Multimodal IC50 prediction

PyTorch models fusing cell painting microscopy with SMILES chemical representations across compound libraries totaling 39K compounds.

AstraZeneca · Drug Discovery ML

Problem

Predicting compound activity (IC50) from chemical structure alone leaves information on the table. Cell painting — high-content imaging that captures cellular morphological response to compound treatment — provides a rich phenotypic signature that complements structure-based representations.

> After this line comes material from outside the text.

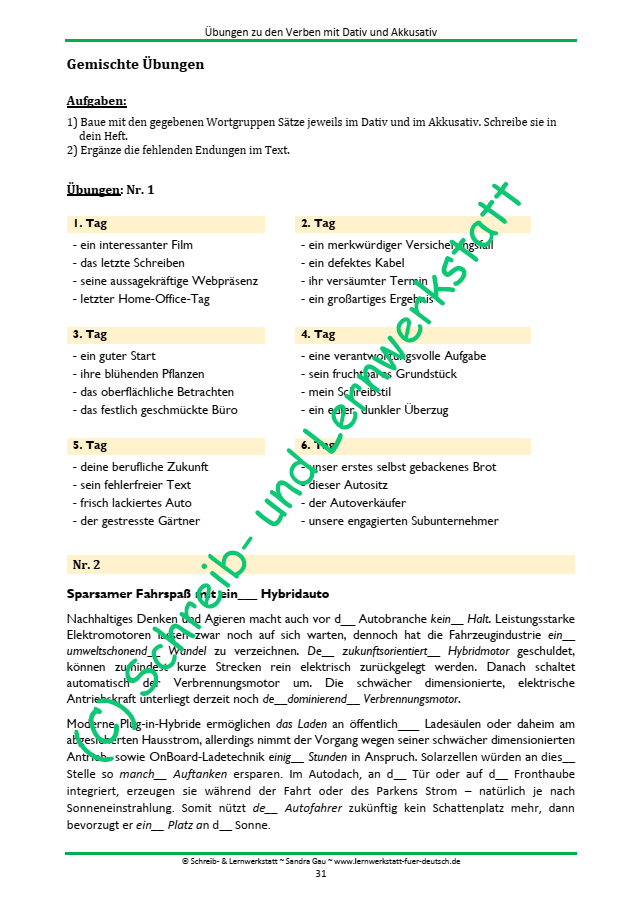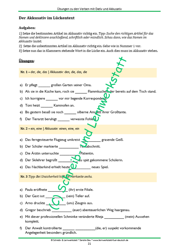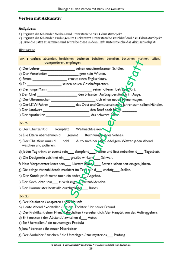 Grammatik für Erwachsene - Übungen zu Verben mit Dativ und Akkusativ

Models that fuse the two should outperform either modality alone, but practical multimodal training brings its own challenges: heterogeneous data volumes, alignment between image and chemical representations, and joint embedding regularization.

Approach

PyTorch-based multimodal architecture combining:

• Cell painting microscopy branch — convolutional encoder over the multi-channel imaging stack, learning a phenotypic embedding of compound treatment effect.
• Chemical structure branch — SMILES tokenizer feeding a sequence model to produce a structural embedding.
• Joint head — fusion of the two embeddings into IC50 regression with uncertainty estimation, trained across compound libraries totaling 39K compounds.

Result

Deployed as part of internal compound activity prediction workflows. Multimodal fusion outperforms either single modality and provides interpretable embeddings that surface structure-phenotype correspondences useful for downstream target reasoning.

Stack

PyTorch, MONAI for image preprocessing, RDKit for SMILES handling, scikit-learn for evaluation tooling.